Compressor and Audio Gear FAQ


----------



## Chito (Feb 17, 2006)

Reverb has a good article about it. 
What Does a Compressor Pedal Do and Do I Need One in My Rig?

Another pedal that is inexpensive and small but good is the Mooer Yellow Comp. It's their Diamond clone. It is also optical.


----------



## mhammer (Nov 30, 2007)

Chito said:


> Reverb has a good article about it.
> What Does a Compressor Pedal Do and Do I Need One in My Rig?
> 
> Another pedal that is inexpensive and small but good is the Mooer Yellow Comp. It's their Diamond clone. It is also optical.


That's a nice thorough piece, and considers the advantages and potential disadvantages. Recommended reading.


----------



## silvertonebetty (Jan 4, 2015)

Chito said:


> Reverb has a good article about it.
> What Does a Compressor Pedal Do and Do I Need One in My Rig?
> 
> Another pedal that is inexpensive and small but good is the Mooer Yellow Comp. It's their Diamond clone. It is also optical.





Boogieman said:


> Check this out:
> 
> Compressor and Audio Gear FAQ


Cool shall do . Tomorrow im really tired havent been sleeping well. Lol like that song in the sumertime"i got woman on my mind" lol

Sent from my SM-G935W8 using Tapatalk


----------



## Sunny1433 (Nov 23, 2018)

So I finally got the exact compressor I was looking for - Fender's The Bends! It's got a blend knob, it's super transparent and from what I've gathered it's actually based on a Cali76. Obviously it's no Cali76 (which I still can't afford) but it really does that "don't notice that it's on" thing really well! I got it at a discount so under $180 which I think is a pretty good price for it - https://shop.fender.com/en/intl/acc...products/the-bends-compressor/0234531000.html


----------



## Granny Gremlin (Jun 3, 2016)

keto said:


> You want to learn about compressors? Yes, it's somewhat geared towards bass, but there are a TON of information pages about what different types do, recommendations within budget ranges, etc. on this excellent site Compressor Reviews
> 
> Bottom line for me, there isn't anything I would want under ~$250. I use the Empress, and it is very clear and just fattens things up a wee bit, but you're looking about 3 bills at L&M.


The empress is great but it is a very differnt beast to your MXR / Ross / Boss clones ( the 3-4 knob ones mhammer refers to). 

Litterally all the small cheap ones are the same or similar curcuit for no good reason. Except the optical ones, which are probably slower, but otherwise functionally similar. 

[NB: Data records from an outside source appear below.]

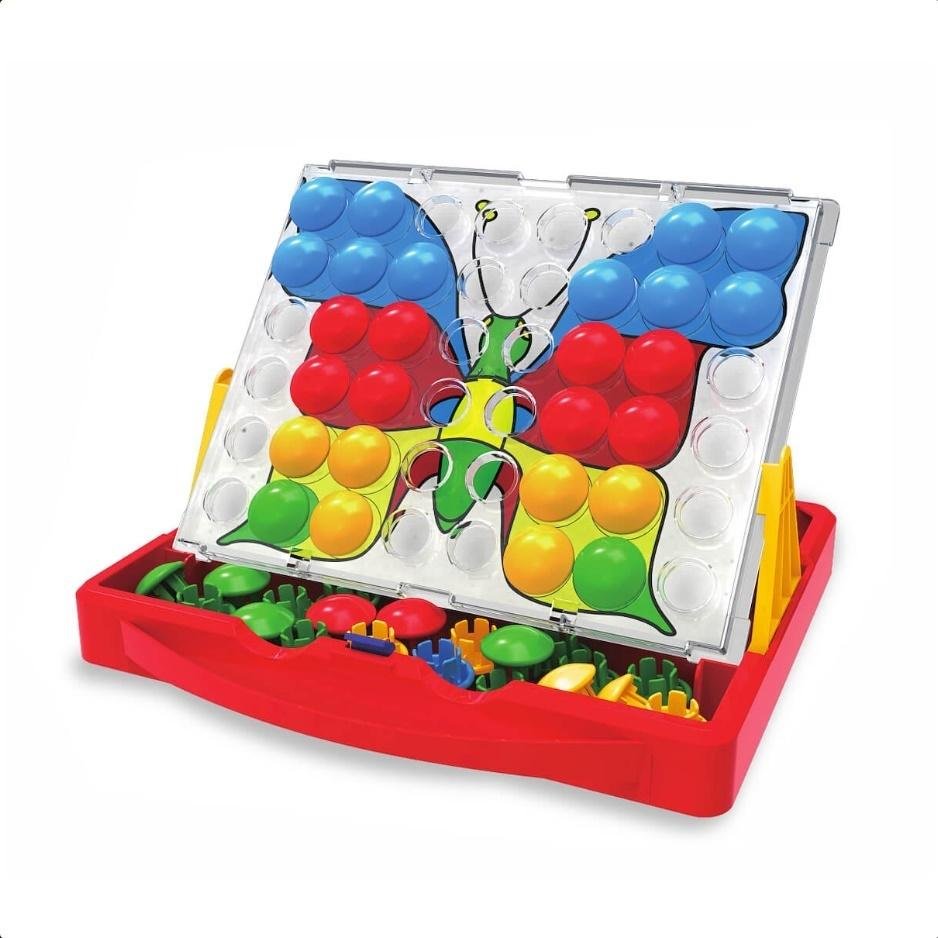 MOZAIKAW pudełku znajduje się:walizka do przechowywaniapodstawka16 obrazków do układania48 dużych, kolorowych elementów o średnicy 3 cm.Zabawę zacznij od ściągnięcia przeźroczystej folii i wyciągnięcia kolorowych okrągłych wzorów. Wybierz kartę, zamieść ją na nakładce i zacznij zabawę...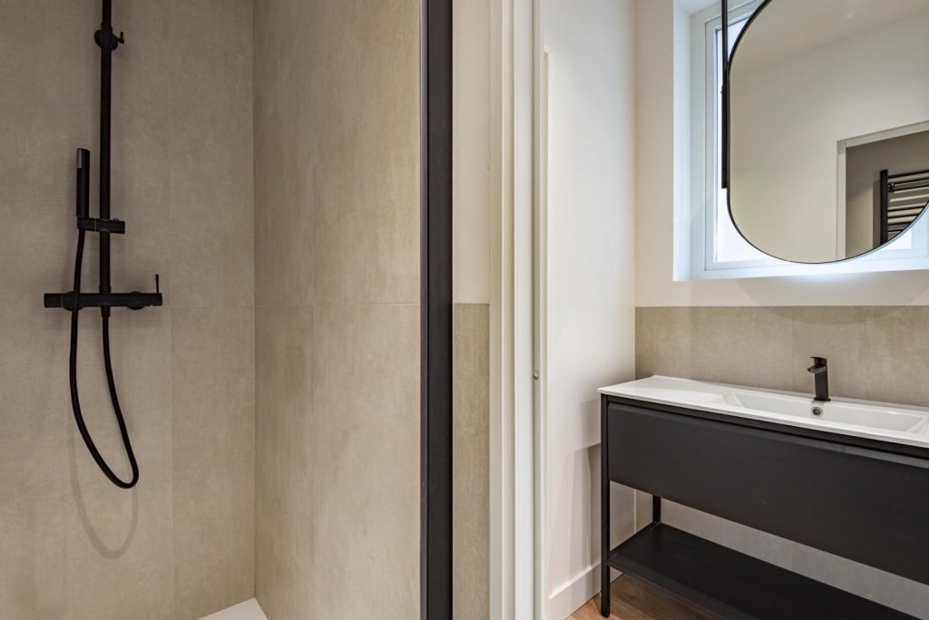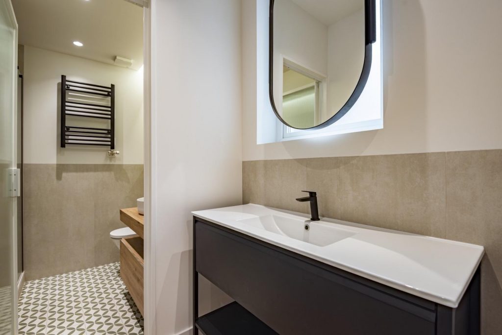 Cada baño mantiene coherencia con el estilo general del piso sin imitar el pasado, demostrando que la modernidad puede convivir con elementos históricos.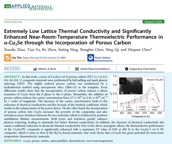 量子关联物质研究团队青年博士赵小蝶在半导体热电材料领域取得重要进展,研究成果发表在《ACS Applied Materials & Interfaces》(IF=9.5,中科院二区TOP),论文题目为“Extremely Low Lattice Thermal Conductivity and Significantly Enhanced Near-Room-Temperature Thermoelectric Performance in α-Cu2Se through the Incorporation of Porous Carbon”。国产自拍
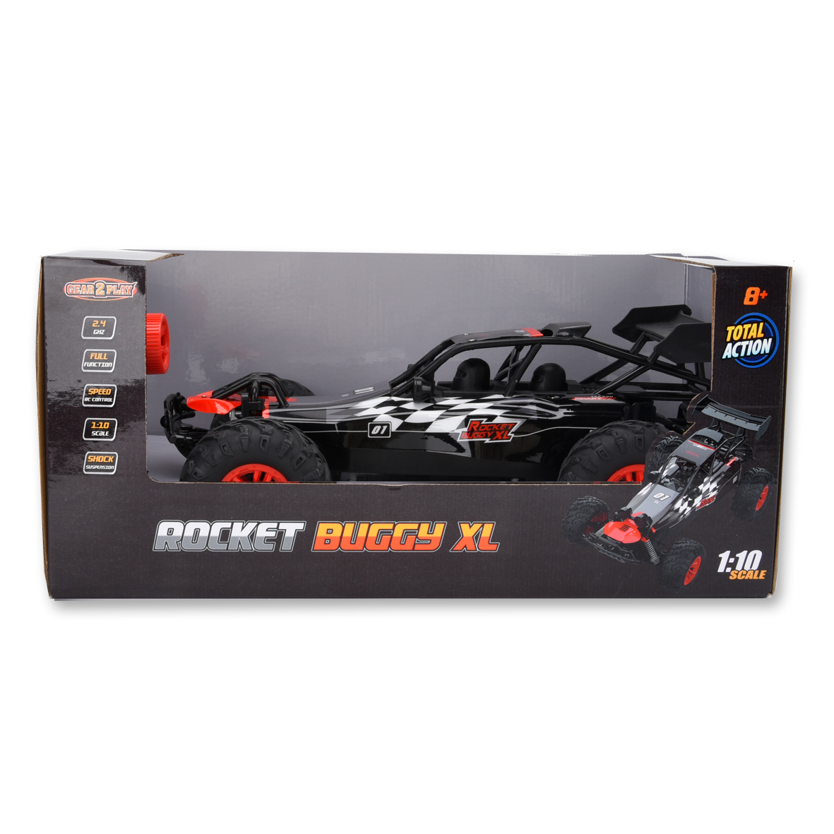 De Gear2Play Rocket Buggy XL is een op afstand bestuurbare race buggy met een schaal van 1:10. Deze grote, stoere raceauto van wel 40 cm lang met is vliegensvlug en voorzien van schokdempers. Rijd met de Turbo Buggy zowel binnen als buitenhuis. Met de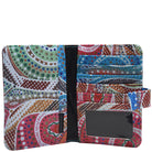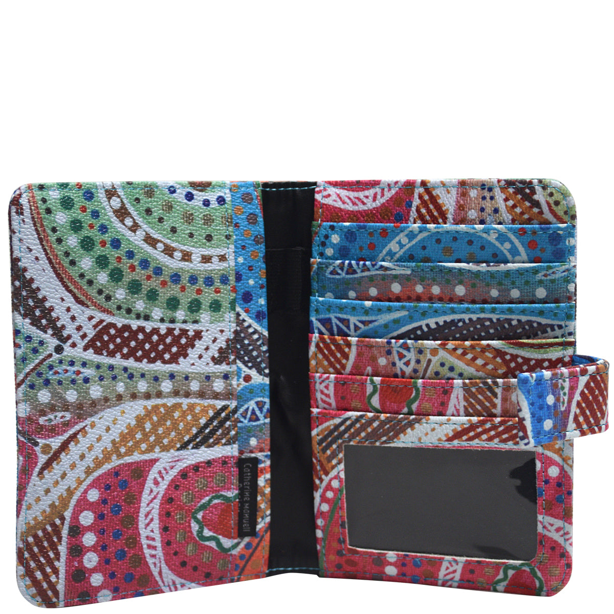 Handy-sized passport and card holder. On the outside is a zip pocket for those quick-to-hand things you need in an instant. Open the clasp and on one side there are five card slots and a clear window and on the other side there’s a double pocket to fit your passport.

The Empress and other larger high end comps are a very different animal ( the attack knob is actually an attack knob not a release as @mhammer explained above - very confusing I know). More like a studio comp vs a guitar pedal, in the sense of features and applications. Basic comp pedals are only good for sustain and some tonal effects ( which granted, is what the Op is looking for but in a less cookie cutter one size sort of way). The bigger comps allow you to use them for things like transient / level control without squishing too hard; anything from soft limiting through gentle low ratio low threshold shaping, to squish city. The key is having seperate attack release ratio and threshold controls, gain reduction meters are handy to learn to correlate what you hear with how much you are compressing and apply to other pedals or situations). But like you said they start at double the cost of a normal comp pedal. 

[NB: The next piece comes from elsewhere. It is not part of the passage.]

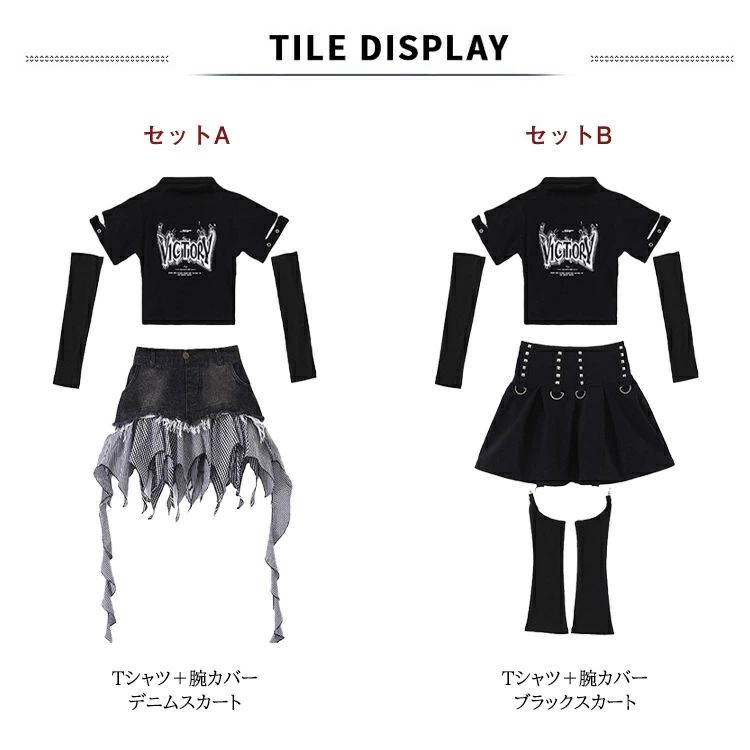 商品内容: セットA セットB Tシャツ+腕カバー デニムスカート ブラックスカート

Anyway, my advice to the Op is twofold. 

1). There is a trim pot on the inside of most basic comp pedals that is a level trim before the compressor’s level detector ( the odd one may actually be a knob on the outside, thats what i did when i built one). Since the circuit is set threshold, you can use this trim pot to modify the threshold - the signal level at which the compression takes effect. This is there because the input signal can vary so the comp will over squish some guitars/ pedal chains more than others, but its also handy to mitigate for varying tastes. Try a higher threshold (louder signal is allowed before the comp engages) and see if you like that with more or less of the comp knob. 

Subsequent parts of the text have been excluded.